I wonder if others have run into the following challenge: in graduate school. I focused on "smaller", bite-sized ideas that I thought would be most easily published. I also think that philosophy moves pretty slowly, that "small" steps are really important, and that "big" steps often make a lot of "small" (and not-so-small) mistakes.

On the job market, it seems to me that committees are almost exclusively looking for "big" ideas, at least where I'm applying (R1, research-focused). I worry that I've written myself into the typecast of making "small" contributions that don't add up to anything "big". Since I'm junior, that doesn't seem fair since my small contributions haven't had time to add up to anything big. But that aside, I'm just wondering how to move toward "big" ideas, if for no other reason than that is what many schools seem to seek.

I also understand why colleagues want to hire someone working on "big," sexy ideas. I'm not sure that's where good philosophy is done, but it's certainly fun and interesting to engage with.

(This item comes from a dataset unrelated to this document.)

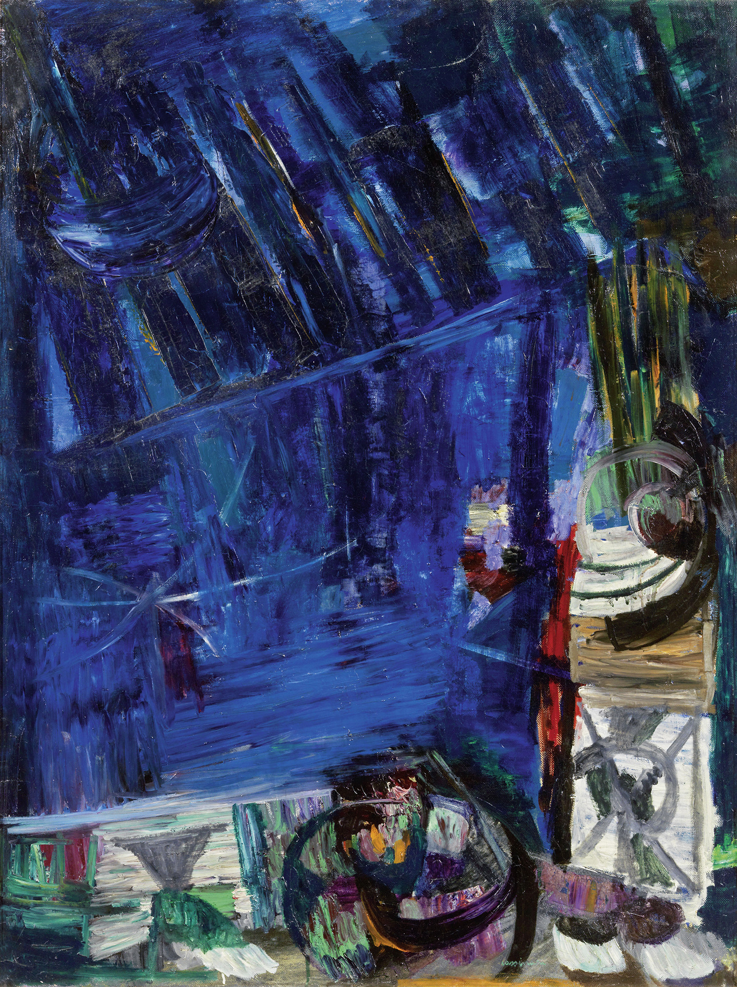 Bruno Cassinari Piacenza 1912 - Milano 1992 Mare, (1960) Olio su tela, cm. 130x97 Firma in basso a destra: Cassinari. Al verso sulla tela: etichetta con n. 2635 e due timbri Galleria Sianesi, Milano: etichetta Galleria Gissi - Torino / Espone dal 13 al 28 aprile 1962 / Bruno Cassinari / Cat. 7. Certificato su foto Comitato per il Catalogo Generale dell'Opera di Bruno Cassinari, Milano 8/5/2012, con n. 3315/C827.
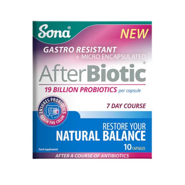 Sona AfterBiotic contains 21 billion micro-organisms  per capsule. AfterBiotic is a seven day course of  probiotics for use after a course of antibiotics.

This is an interesting query to me, in large part because I went through something similar early in my career. I too was socialized in grad school to work on 'smaller' papers. However, I didn't have much success publishing papers like that and while I think papers that take small steps can be good and important, I found it difficult to motivate myself to work on these kinds of papers. It just wasn't why I fell in love with philosophy. I always loved exploring big ideas, so at some point I just tried to trust myself and start writing on larger topics and found more success and enjoyment doing so. I'm not sure that I have any great tips on how to pursue 'bigger' ideas, and I suspect that different things probably work for different people. But here's a little bit on some methods that I use in doing the kind of work that I generally do.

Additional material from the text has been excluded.